WHAT THIS TASK INVOLVES>
When you transcribe the listing, keep each line exact and drop the pictures.

INPUT DATA>
######
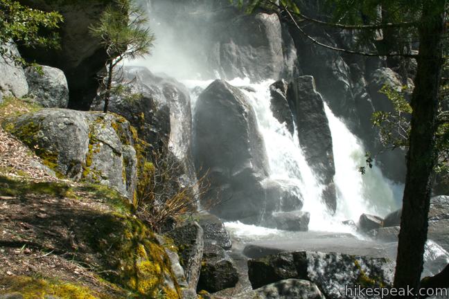 Begin from a parking area off Chilnualna Falls Road in the Wawona Area of Yosemite National Park and walk a short distance east on the road to the marked start of Chilnualna Falls Trail. A stock trail angles to the left. Be glad you aren’t a horse and take the single track toward a sensational string of cascades. In no time at all, you will be standing alongside a raucous chain of pour-overs in Chilnualna Creek. The water absolutely thunder in the spring when snow melt swells the banks.
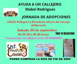 Mabel Rodríguez, bajo el lema “Ayuda a un callejero” llevará adelante este sábado 20 de septiembre una nueva jornada de adopciones en el Centro de Comodoro Rivadavia.
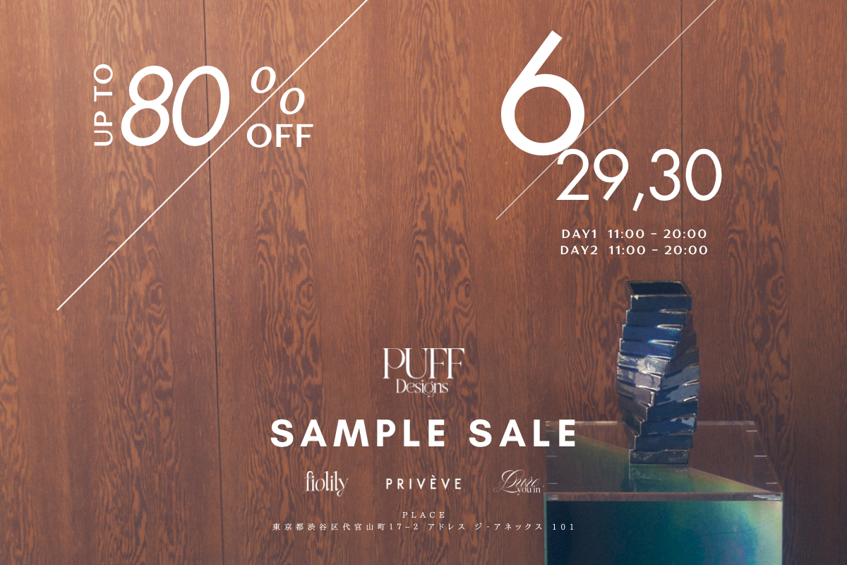 オンラインデパートメントストアのPUFF Designsが代官山にて、2024年6月29日(土)、30日(日)の2日間限定でサンプルセールを開催いたします。
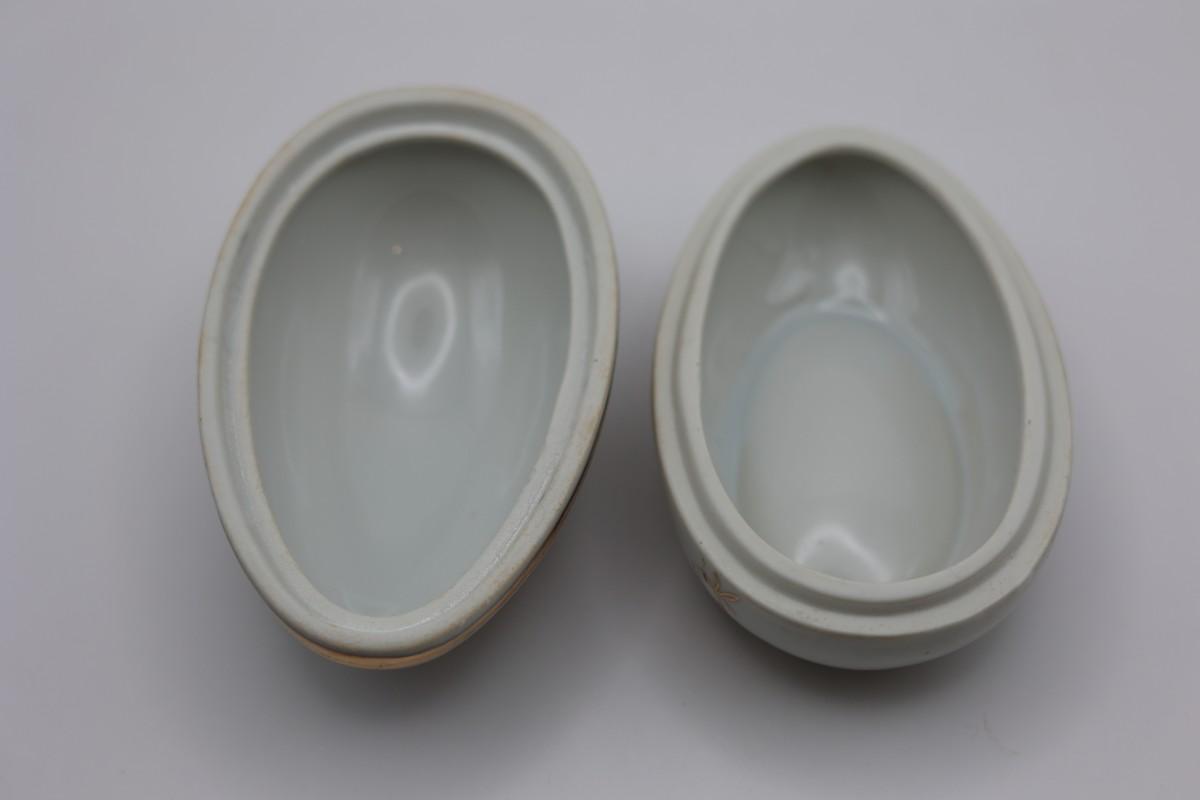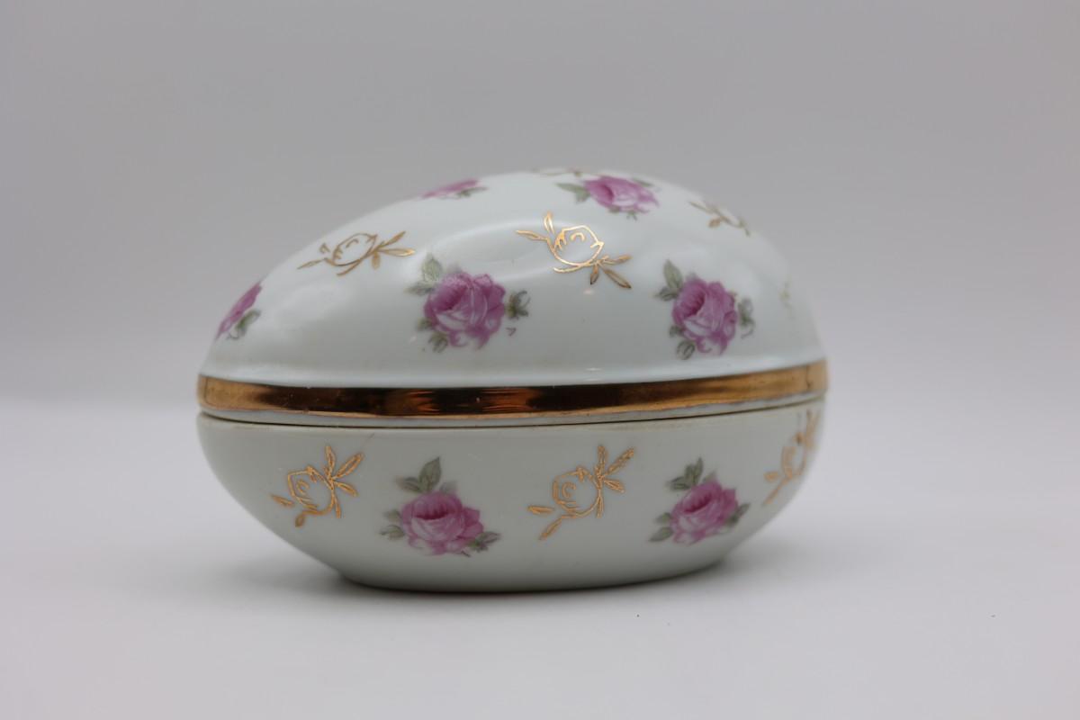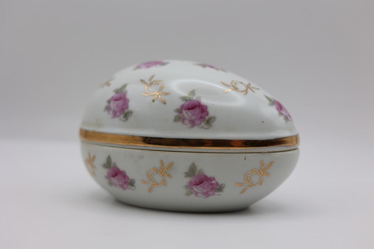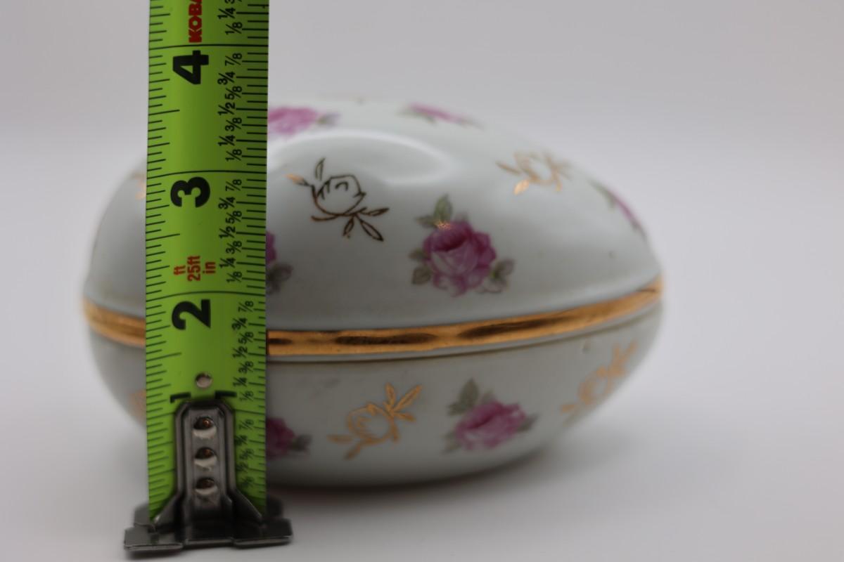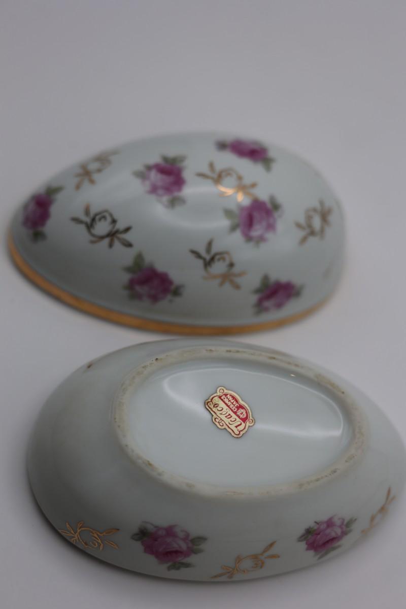 Porcelain trinket box by Ucagco (United China & Glass Co.), made in Japan. Decorated with pink roses and gold accents on a pale blue ground. Oval lidded form, suitable for jewelry or small keepsakes. Marked Ucagco / Japan on the underside.
######
COMPLETED EXERCISE>
 Begin from a parking area off Chilnualna Falls Road in the Wawona Area of Yosemite National Park and walk a short distance east on the road to the marked start of Chilnualna Falls Trail. A stock trail angles to the left. Be glad you aren’t a horse and take the single track toward a sensational string of cascades. In no time at all, you will be standing alongside a raucous chain of pour-overs in Chilnualna Creek. The water absolutely thunder in the spring when snow melt swells the banks.
 Mabel Rodríguez, bajo el lema “Ayuda a un callejero” llevará adelante este sábado 20 de septiembre una nueva jornada de adopciones en el Centro de Comodoro Rivadavia.
 オンラインデパートメントストアのPUFF Designsが代官山にて、2024年6月29日(土)、30日(日)の2日間限定でサンプルセールを開催いたします。
 Porcelain trinket box by Ucagco (United China & Glass Co.), made in Japan. Decorated with pink roses and gold accents on a pale blue ground. Oval lidded form, suitable for jewelry or small keepsakes. Marked Ucagco / Japan on the underside.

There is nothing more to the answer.